**Your goal**.
Beginning at the line that contains "y rigidez cervical" and finishing at the line that contains "he is a chaotic", output the data below exactly. Include both end lines and no pictures.

**Input**.
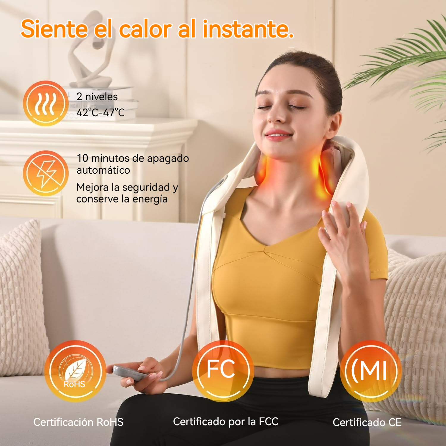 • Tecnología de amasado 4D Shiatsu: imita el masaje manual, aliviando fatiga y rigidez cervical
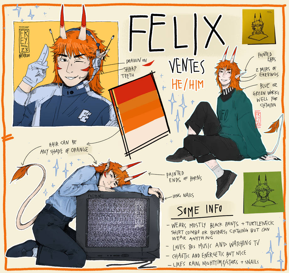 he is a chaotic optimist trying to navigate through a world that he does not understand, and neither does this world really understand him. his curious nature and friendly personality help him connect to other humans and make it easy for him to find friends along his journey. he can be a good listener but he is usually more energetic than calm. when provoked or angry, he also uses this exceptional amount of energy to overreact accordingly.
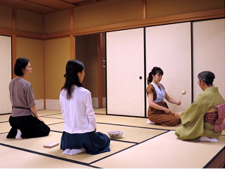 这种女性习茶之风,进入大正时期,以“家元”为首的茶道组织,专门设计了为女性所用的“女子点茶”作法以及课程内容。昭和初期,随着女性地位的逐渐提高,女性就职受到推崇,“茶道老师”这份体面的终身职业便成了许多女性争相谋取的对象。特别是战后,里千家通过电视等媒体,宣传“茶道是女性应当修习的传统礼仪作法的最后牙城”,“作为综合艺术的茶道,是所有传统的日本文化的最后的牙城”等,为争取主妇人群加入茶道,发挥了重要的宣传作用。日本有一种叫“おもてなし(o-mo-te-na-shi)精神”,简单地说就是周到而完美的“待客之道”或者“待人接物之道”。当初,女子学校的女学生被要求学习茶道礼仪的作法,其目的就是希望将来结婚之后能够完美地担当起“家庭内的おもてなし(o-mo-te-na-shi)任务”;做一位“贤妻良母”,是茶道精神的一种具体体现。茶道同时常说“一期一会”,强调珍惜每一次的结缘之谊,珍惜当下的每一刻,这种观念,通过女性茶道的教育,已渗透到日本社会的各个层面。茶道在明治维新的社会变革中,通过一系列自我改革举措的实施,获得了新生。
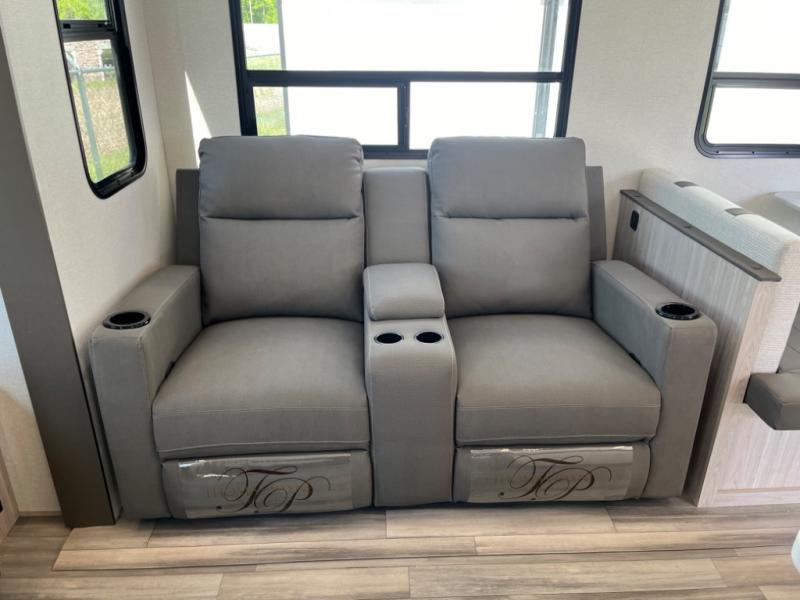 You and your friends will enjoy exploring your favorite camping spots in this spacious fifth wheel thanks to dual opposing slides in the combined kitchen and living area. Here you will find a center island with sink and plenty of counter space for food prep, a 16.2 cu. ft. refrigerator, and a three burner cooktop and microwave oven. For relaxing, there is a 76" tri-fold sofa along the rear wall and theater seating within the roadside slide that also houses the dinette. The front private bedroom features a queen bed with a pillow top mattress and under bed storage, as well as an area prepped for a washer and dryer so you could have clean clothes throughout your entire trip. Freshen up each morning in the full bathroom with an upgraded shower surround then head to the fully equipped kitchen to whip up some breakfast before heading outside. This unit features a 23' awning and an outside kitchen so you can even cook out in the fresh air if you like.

--

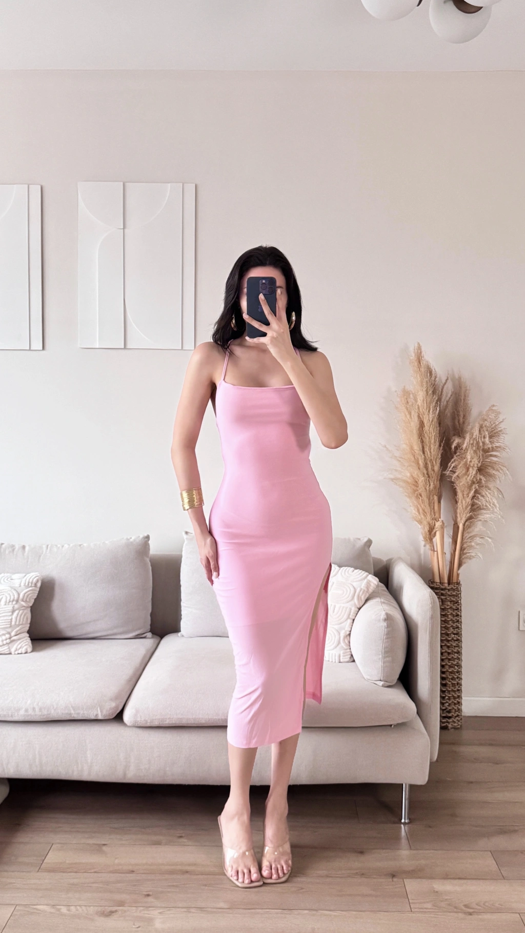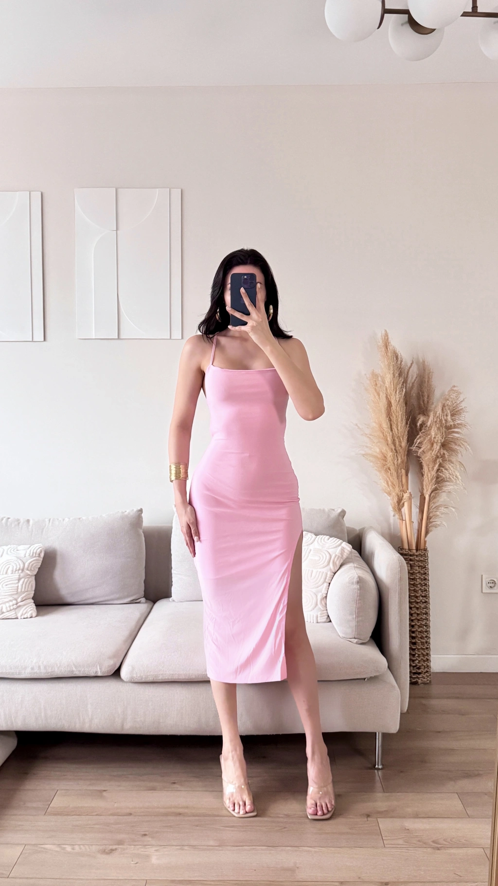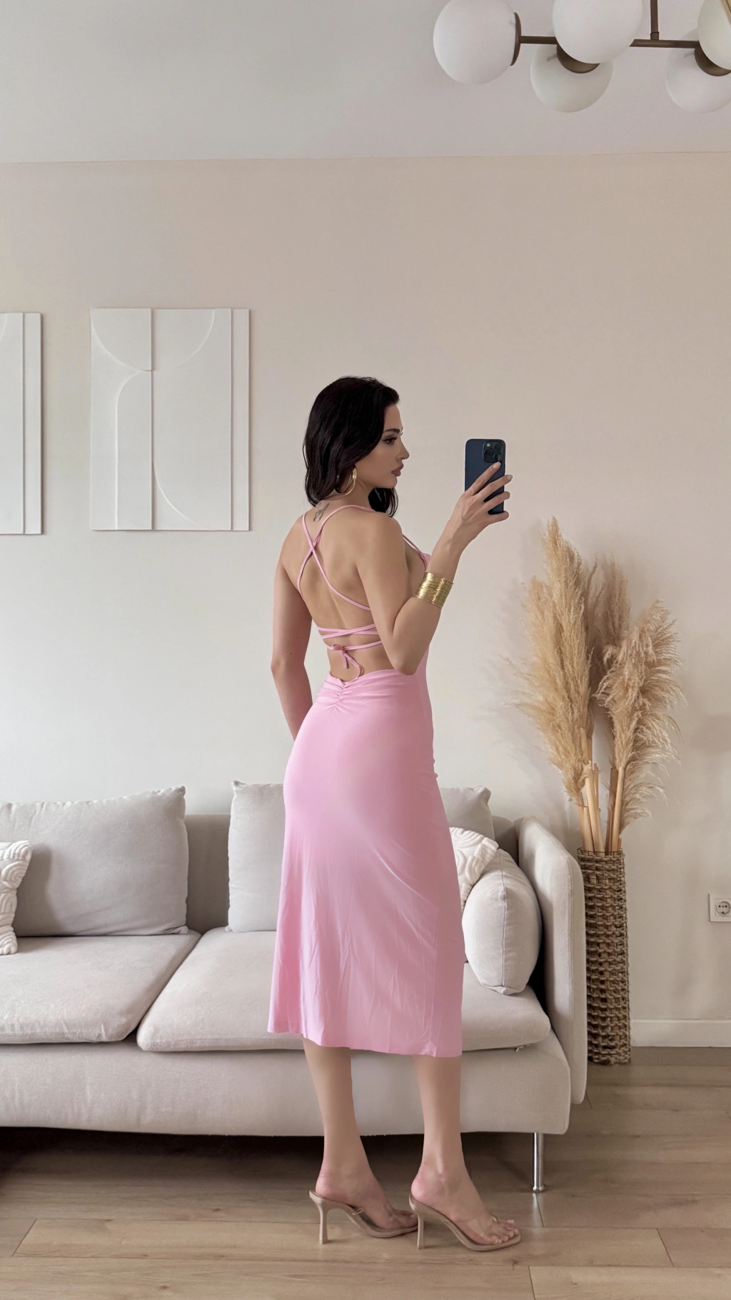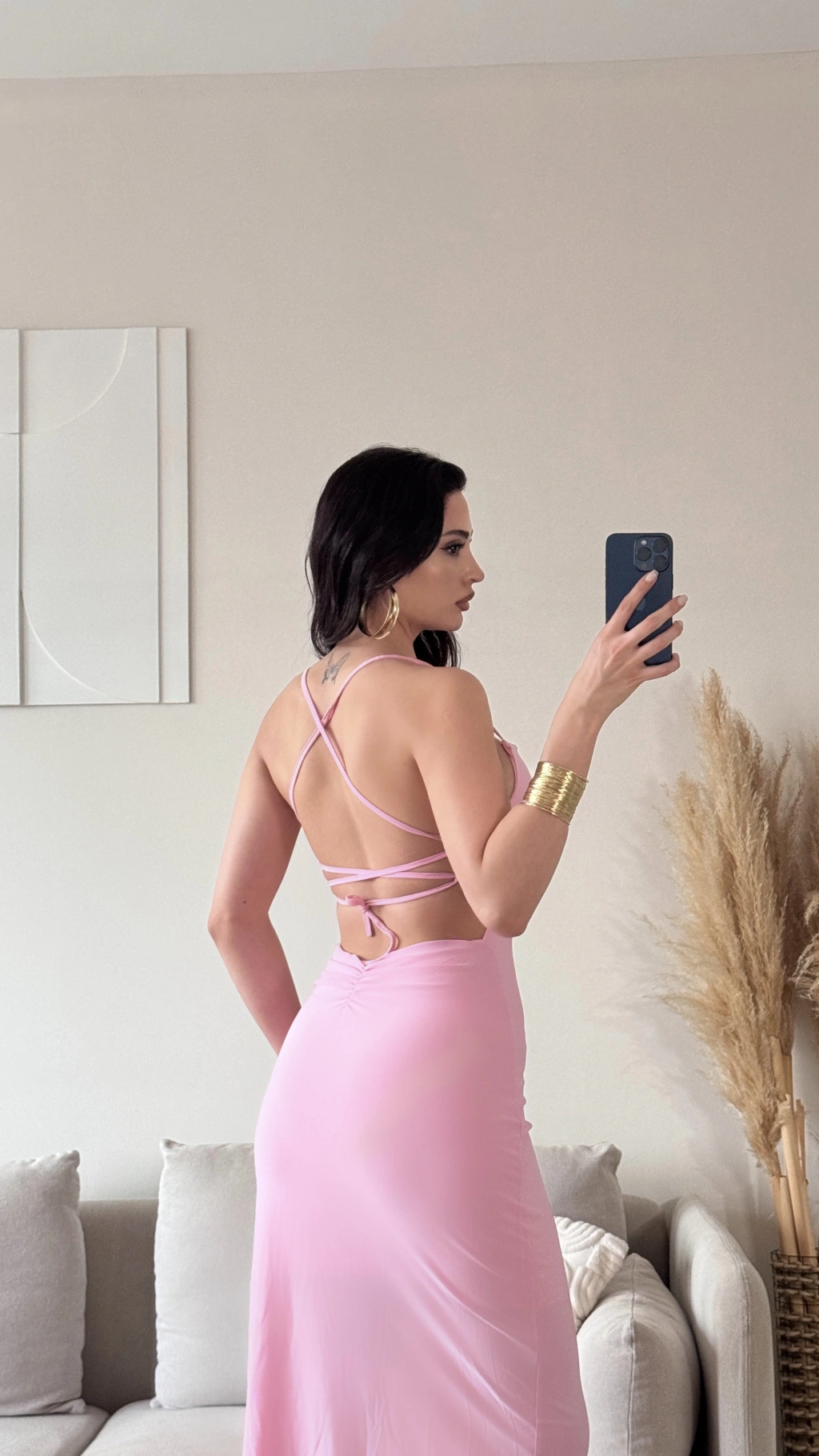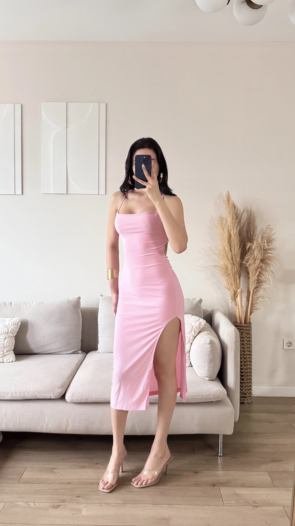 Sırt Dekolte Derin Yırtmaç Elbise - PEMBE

**Solution for this problem**.
 • Tecnología de amasado 4D Shiatsu: imita el masaje manual, aliviando fatiga y rigidez cervical
 he is a chaotic optimist trying to navigate through a world that he does not understand, and neither does this world really understand him. his curious nature and friendly personality help him connect to other humans and make it easy for him to find friends along his journey. he can be a good listener but he is usually more energetic than calm. when provoked or angry, he also uses this exceptional amount of energy to overreact accordingly.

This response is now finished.